Diagnósticos de acidemias orgânicas e defeitos de beta oxidação mitocondrial de ácidos graxos no serviço de genética médica do Hospital de Clínicas de Porto Alegre

Abstract

Introdução: Os EIM são doenças causadas por uma falha no metabolismo decorrentes de deficiência ou ausência de uma enzima originadas por um defeito genético, que podem provocar o acúmulo de substratos. O objetivo deste estudo foi conhecer a frequência de diagnóstico de acidemias orgânicas e defeitos de beta oxidação mitocondrial dos pacientes do Hospital de Clínicas de Porto Alegre, cujo diagnóstico é fundamental no sentido de iniciar o tratamento permitindo melhor prognóstico. Materiais e Métodos: Foram avaliados 8537 pacientes submetidos à análise de ácidos orgânicos na urina por GC-MS e 7268 pacientes cujas amostras de sangue impregnado em papel filtro foram submetidas a análise de acilcarnitinas por LC/MS/MS durante o período de julho de 2008 a julho de 2016. Resultados: Um total de 245 pacientes foram diagnosticados com doenças metabólicas herdadas, incluindo diagnósticos de acidemia lática (21%), acidemia glutárica (19%), acidemia metilmalônica (12%) e acidemia 3-OH-3-metilglutárica (10%), além de defeitos de beta oxidação mitocondrial de ácidos graxos como MADD, VLCADD, LCHADD, MCADD e SCADD. Os sintomas mais frequentemente encontrados foram relacionados ao SNC, atraso de desenvolvimento neuropsicomotor e acidose metabólica. A idade média no momento do diagnóstico foi 4,68 anos (56 meses). Conclusão: Foi observado aumento da frequência de diagnósticos de acidemias orgânicas e defeitos de beta oxidação mitocondrial de ácidos graxos nos últimos anos, em comparação a estudos anteriores, em especial acidemia glutárica tipo I e 3-OH-3-metilglutárica, muito prevalentes no Brasil e em Portugal. Cabe salientar a importância da utilização da metodologia espectrometria de massas na investigação destes EIM.
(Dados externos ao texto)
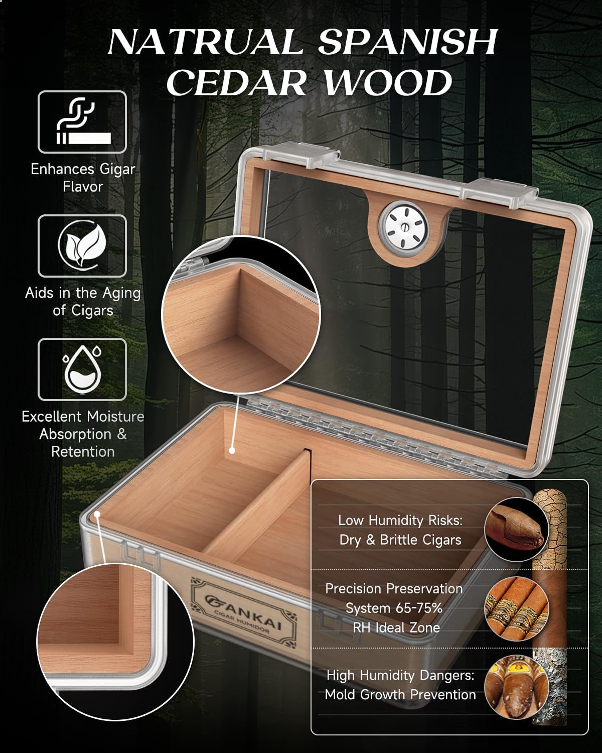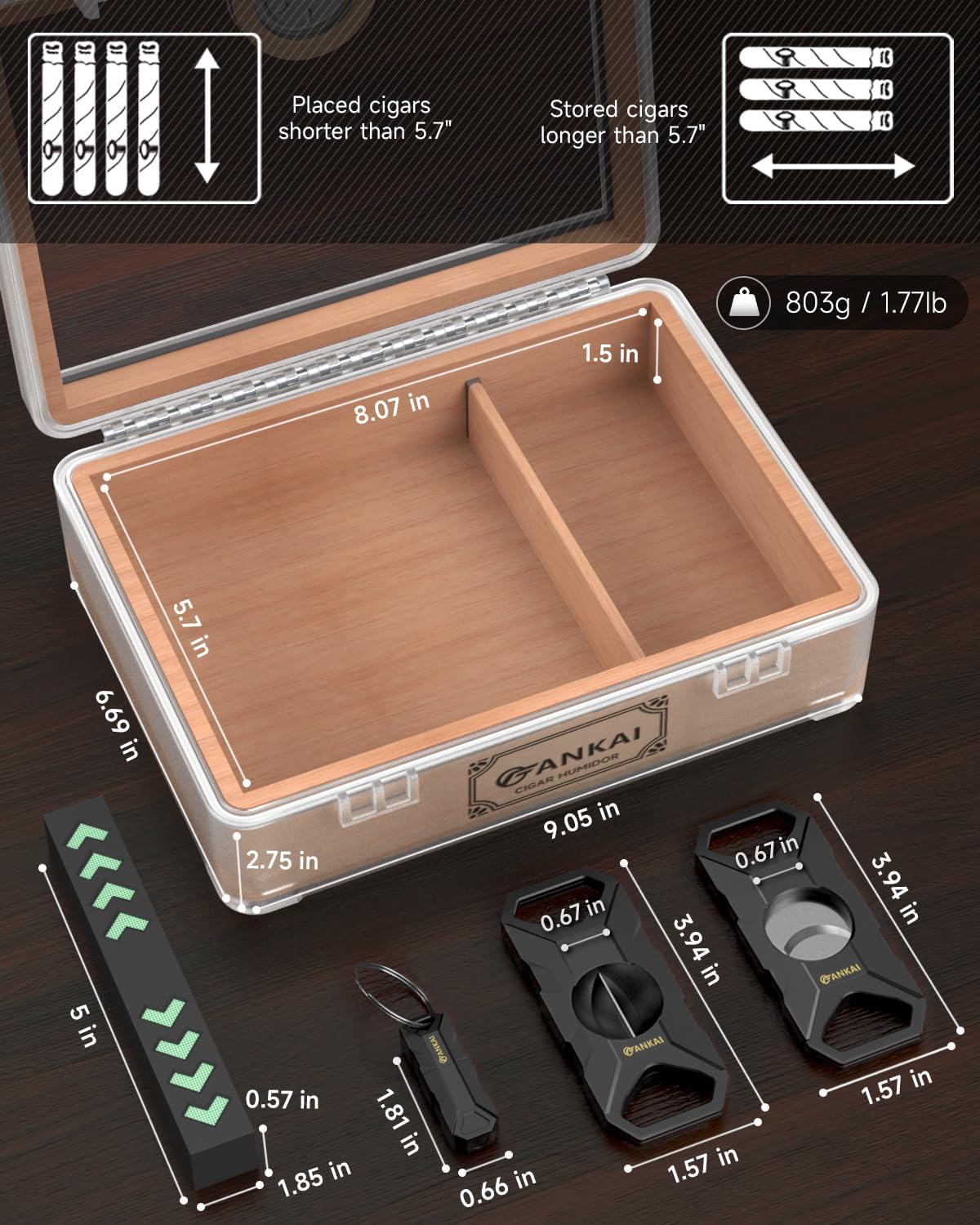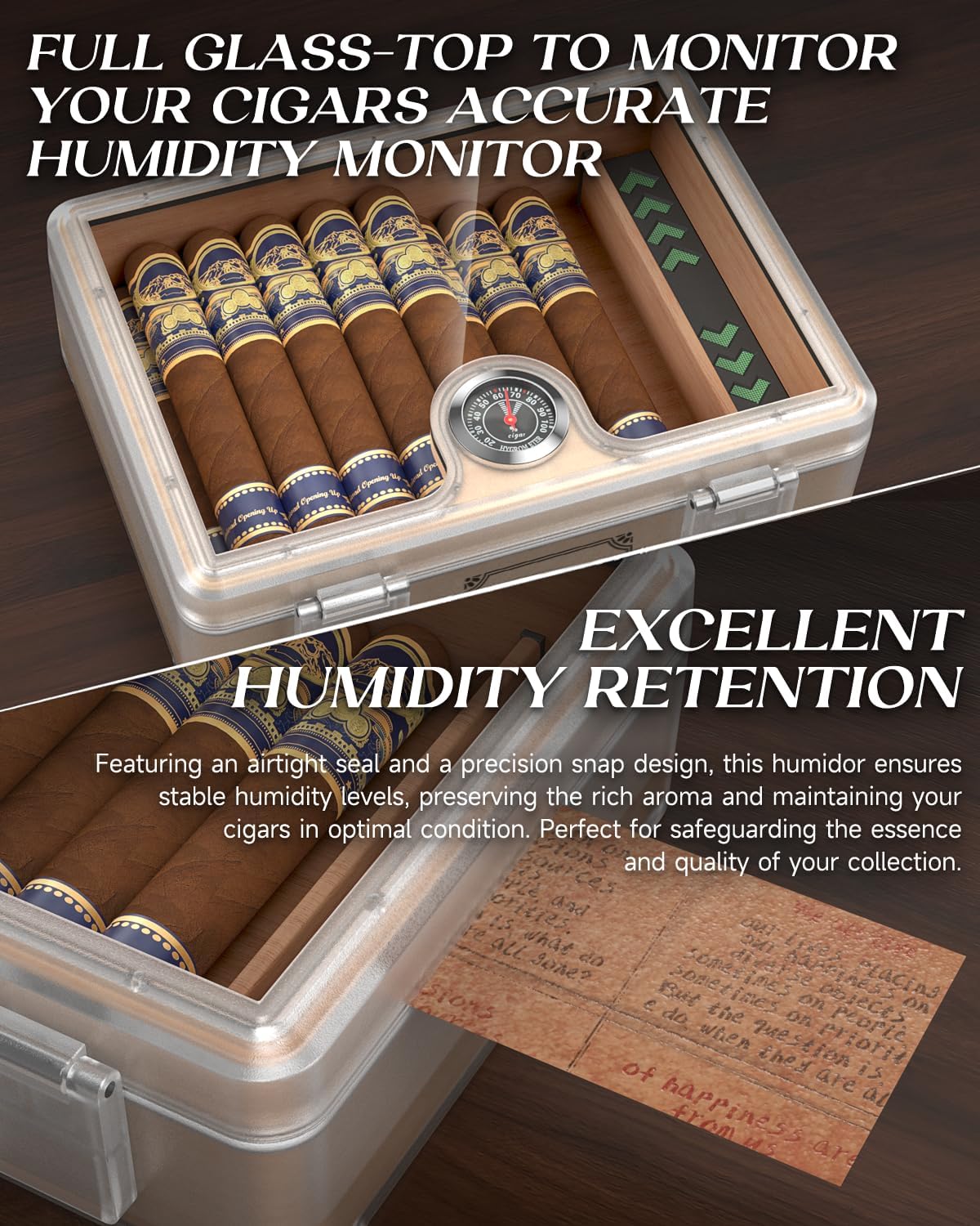 [Ideal Gift for Cigar lovers]-Transperant Edition Advantage: This humidor cigar box variant delivers identical functionality—5-piece toolkit (humidifier, dropper, straight/V cutters, punch) and hygrometer for real-time ambient monitoring; Customizable dividers organize 20-25 cigars, while portable dimensions make it the ultimate travel partner for cigar connoisseurs
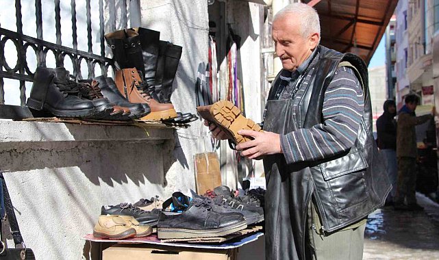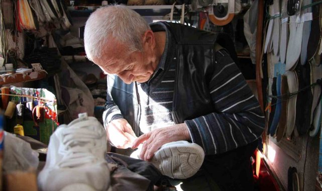 Van'da 54 yıldır ayakkabı tamirciliği yapan 71 yaşındaki Muhittin Deniz, çöpte bulduğu eski ayakkabıları tamir ederek ihtiyaç sahiplerine ulaştırıyor.

Introduction: IEM are diseases caused by a metabolism failure due deficiency or absence of an enzyme caused by a genetic defect which can cause the accumulation of substrates. The aim of this study was know the diagnosis frequency of organic acidemias and mitochondrial fatty acid beta oxidation defects in patients at Hospital de Clínicas de Porto Alegre, whose diagnosis is essential in order to start the treatment allowing a better prognosis. Materials and Methods: A total of 8537 patients submitted to organic acids analysis in the urine by GC-MS and 7268 patients with blood samples impregnated on filter paper submitted to acylcarnitine analysis by LC/MS /MS during the period of July 2008 to July 2016 were analysed Results: A total of 245 patients were diagnosed with inherited metabolic diseases, including diagnoses of lactic acidemia (21%), glutaric acidemia (19%), methylmalonic acidemia (12%) and 3-OH-3-methylglutaric acidemia (10%), as well as mitochondrial fatty acid beta oxidation defects such as MADD, VLCADD, LCHADD, MCADD and SCADD. The most frequently noticed symptoms were related to CNS, neuropsychomotor developmental delay and metabolic acidosis. The mean age at diagnosis was 4.68 years (56 months). Conclusions: We noticed an increase in the frequency of diagnoses of organic acidemias and defects of mitochondrial fatty acid beta oxidation defects in recent years, in comparison to previous studies, especially glutaric acidemia type I and 3-OH-3-methylglutaric acidemia, most prevalent in Brazil and in Portugal. It is important to point out the importance of using the mass spectrometry methodology in the investigation of these IEM.